» The task
Give again, exactly as written, the lines of the records below from the line with "A meridol® Fogínvéd" to the line with "カラフル1粒ピアスは、華やか". Both end lines count; pictures do not.
(Beginning of Data for the task)
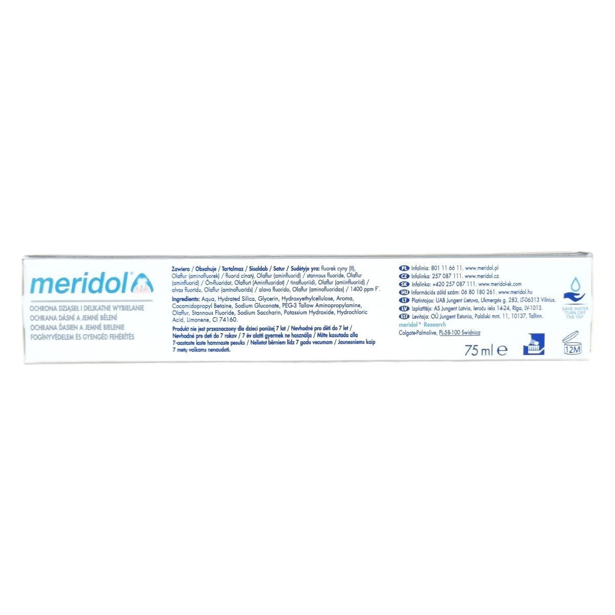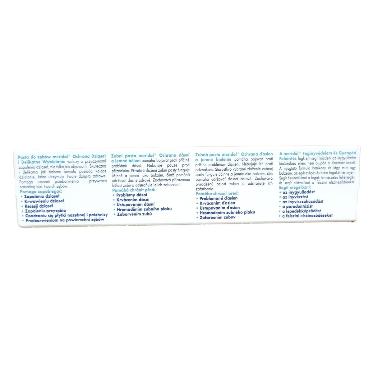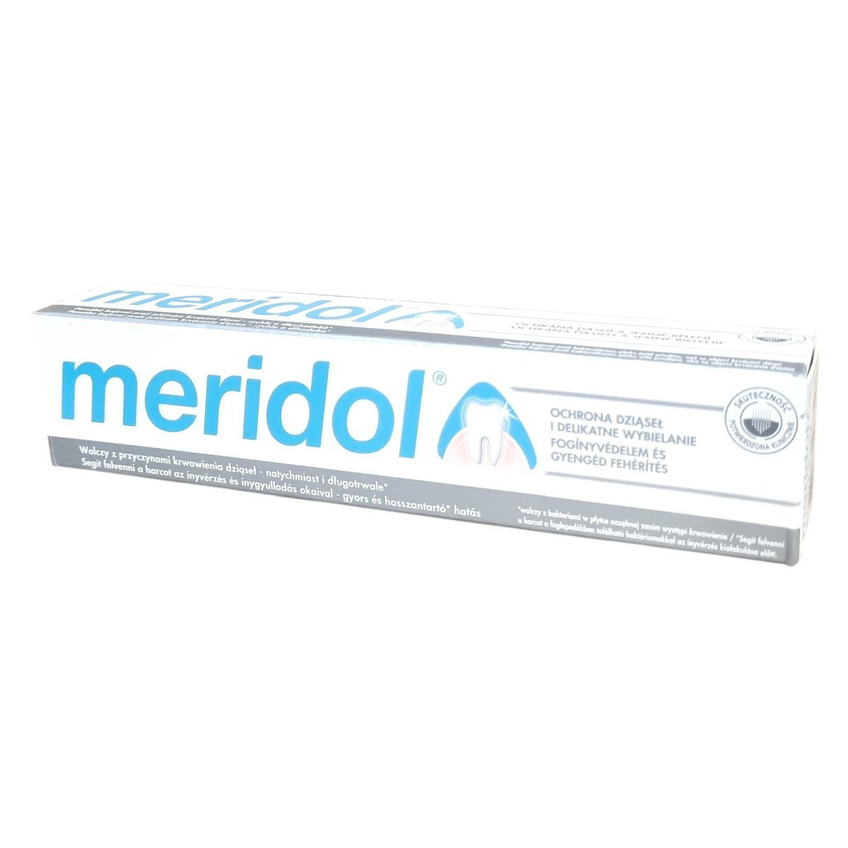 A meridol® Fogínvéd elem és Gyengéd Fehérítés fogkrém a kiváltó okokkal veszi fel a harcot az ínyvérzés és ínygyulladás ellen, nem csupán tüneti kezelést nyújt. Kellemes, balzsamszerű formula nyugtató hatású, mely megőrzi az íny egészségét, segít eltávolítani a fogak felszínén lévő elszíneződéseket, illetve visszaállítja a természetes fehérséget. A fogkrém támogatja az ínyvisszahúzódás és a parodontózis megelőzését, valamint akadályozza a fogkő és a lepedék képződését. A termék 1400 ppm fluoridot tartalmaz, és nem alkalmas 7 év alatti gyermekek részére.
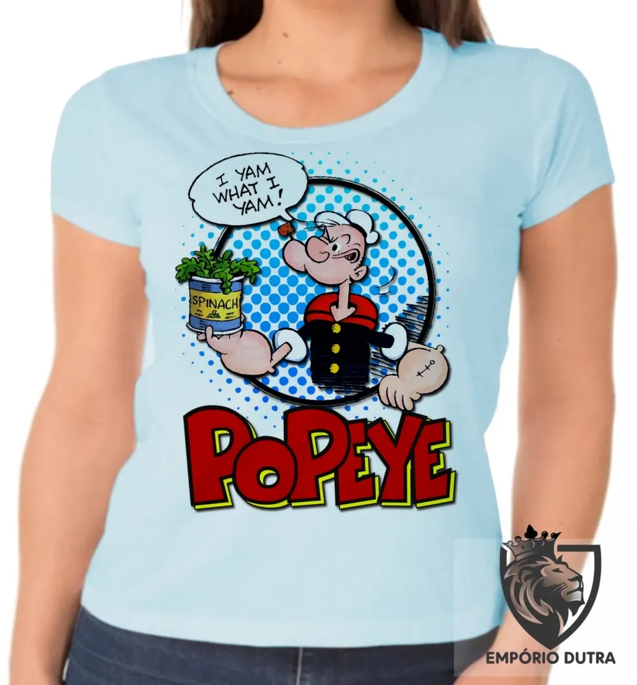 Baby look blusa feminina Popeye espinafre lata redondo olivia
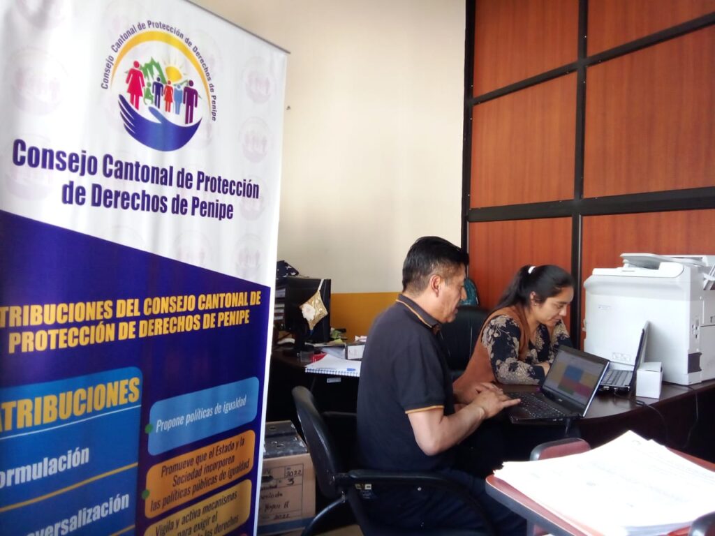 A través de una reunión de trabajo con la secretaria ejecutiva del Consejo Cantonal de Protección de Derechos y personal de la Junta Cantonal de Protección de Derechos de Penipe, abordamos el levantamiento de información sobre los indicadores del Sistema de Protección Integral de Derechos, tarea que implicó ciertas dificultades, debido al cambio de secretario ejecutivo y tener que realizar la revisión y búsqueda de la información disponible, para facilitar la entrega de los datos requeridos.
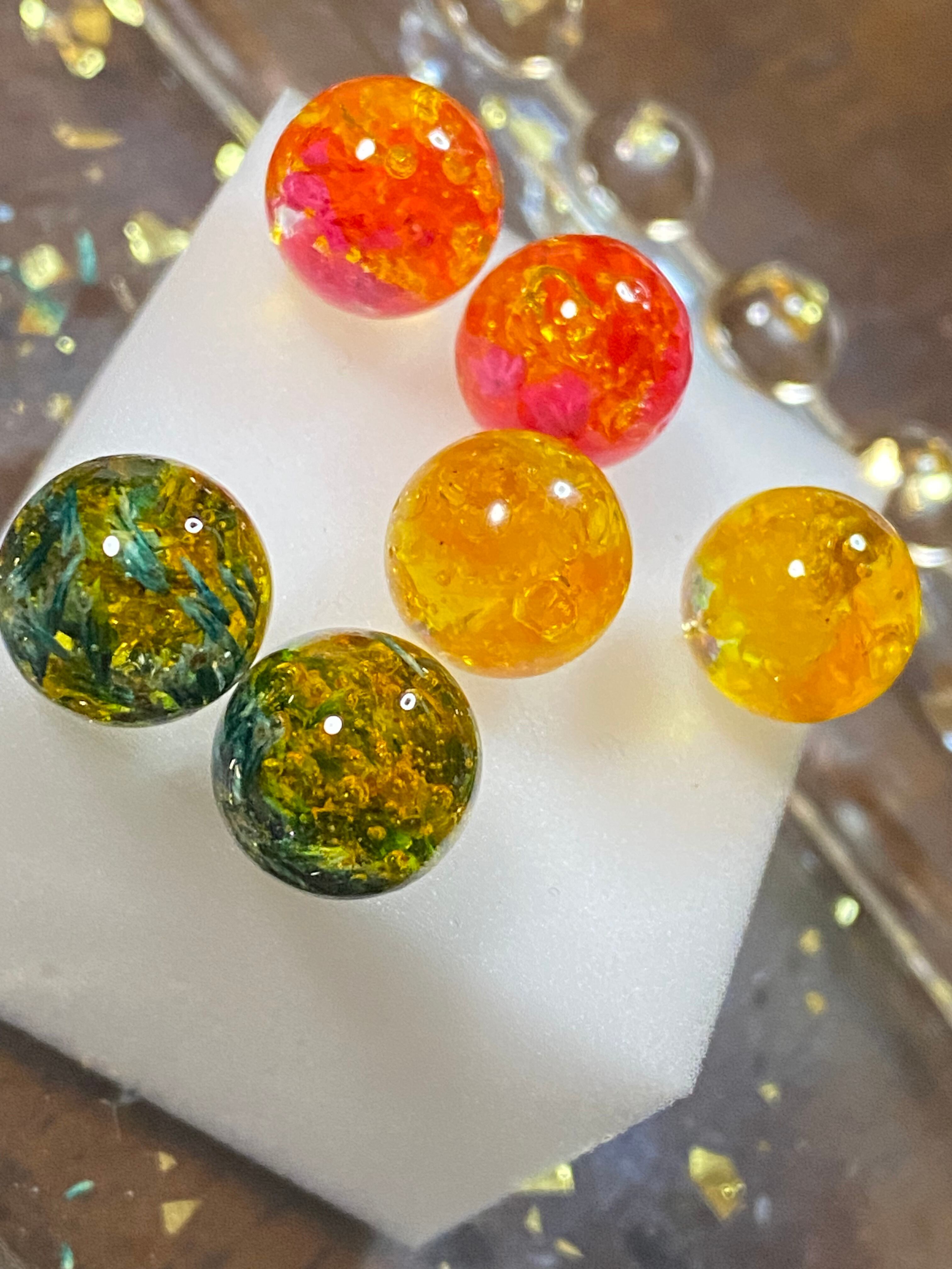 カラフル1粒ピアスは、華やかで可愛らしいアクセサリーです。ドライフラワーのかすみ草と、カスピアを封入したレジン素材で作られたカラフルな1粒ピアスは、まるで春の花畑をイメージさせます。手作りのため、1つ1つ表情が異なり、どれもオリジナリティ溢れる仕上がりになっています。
(End of Data for the task)
(Beginning of Data for the task)
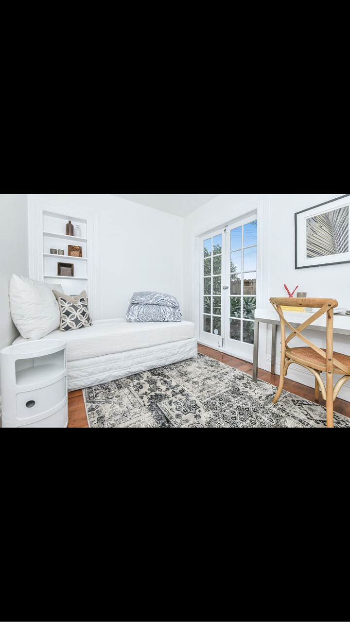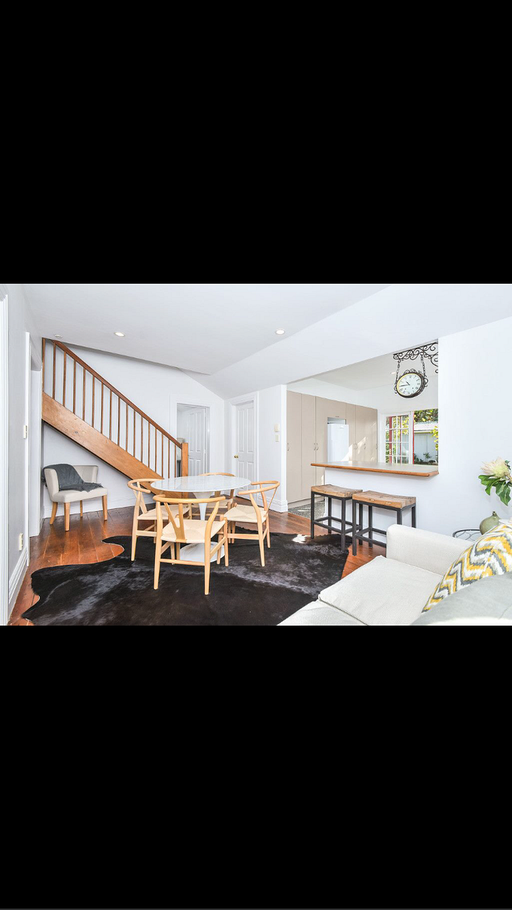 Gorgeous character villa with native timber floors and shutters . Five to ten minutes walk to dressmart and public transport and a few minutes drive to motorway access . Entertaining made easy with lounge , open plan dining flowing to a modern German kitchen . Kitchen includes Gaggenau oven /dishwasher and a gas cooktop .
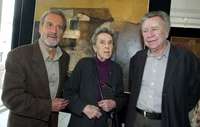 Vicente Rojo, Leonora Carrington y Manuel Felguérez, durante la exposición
(End of Data for the task)
(Beginning of Data for the task)
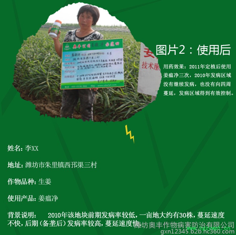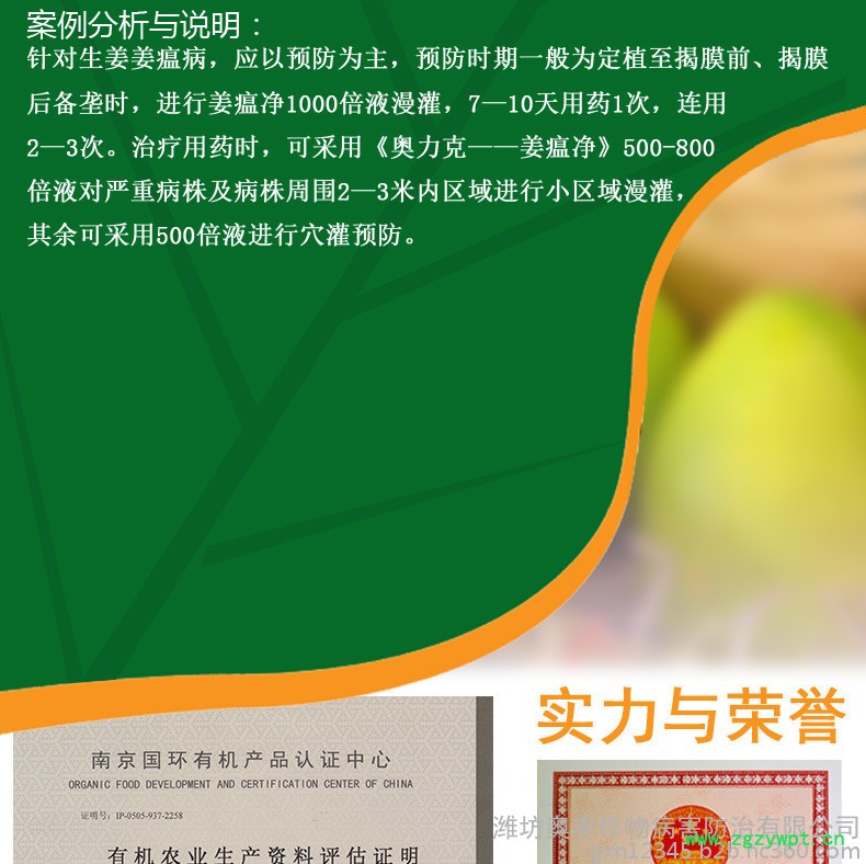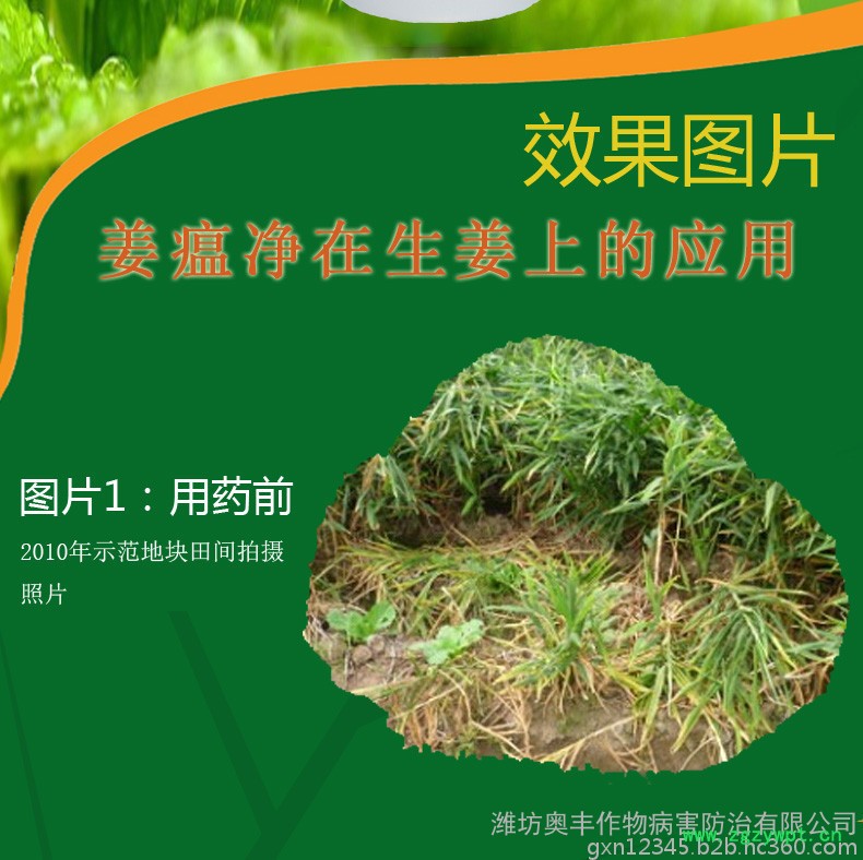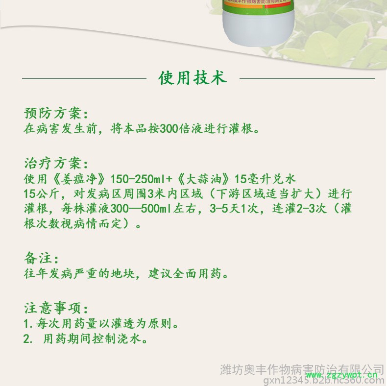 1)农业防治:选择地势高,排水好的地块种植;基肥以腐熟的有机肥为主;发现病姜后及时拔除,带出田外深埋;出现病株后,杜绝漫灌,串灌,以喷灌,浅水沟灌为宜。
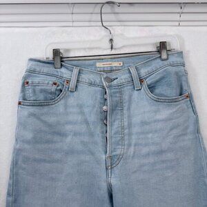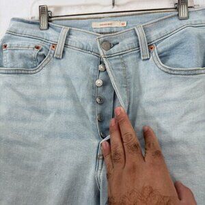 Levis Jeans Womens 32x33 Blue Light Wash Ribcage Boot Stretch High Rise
(End of Data for the task)
» Answer section
 A meridol® Fogínvéd elem és Gyengéd Fehérítés fogkrém a kiváltó okokkal veszi fel a harcot az ínyvérzés és ínygyulladás ellen, nem csupán tüneti kezelést nyújt. Kellemes, balzsamszerű formula nyugtató hatású, mely megőrzi az íny egészségét, segít eltávolítani a fogak felszínén lévő elszíneződéseket, illetve visszaállítja a természetes fehérséget. A fogkrém támogatja az ínyvisszahúzódás és a parodontózis megelőzését, valamint akadályozza a fogkő és a lepedék képződését. A termék 1400 ppm fluoridot tartalmaz, és nem alkalmas 7 év alatti gyermekek részére.
 Baby look blusa feminina Popeye espinafre lata redondo olivia
 A través de una reunión de trabajo con la secretaria ejecutiva del Consejo Cantonal de Protección de Derechos y personal de la Junta Cantonal de Protección de Derechos de Penipe, abordamos el levantamiento de información sobre los indicadores del Sistema de Protección Integral de Derechos, tarea que implicó ciertas dificultades, debido al cambio de secretario ejecutivo y tener que realizar la revisión y búsqueda de la información disponible, para facilitar la entrega de los datos requeridos.
 カラフル1粒ピアスは、華やかで可愛らしいアクセサリーです。ドライフラワーのかすみ草と、カスピアを封入したレジン素材で作られたカラフルな1粒ピアスは、まるで春の花畑をイメージさせます。手作りのため、1つ1つ表情が異なり、どれもオリジナリティ溢れる仕上がりになっています。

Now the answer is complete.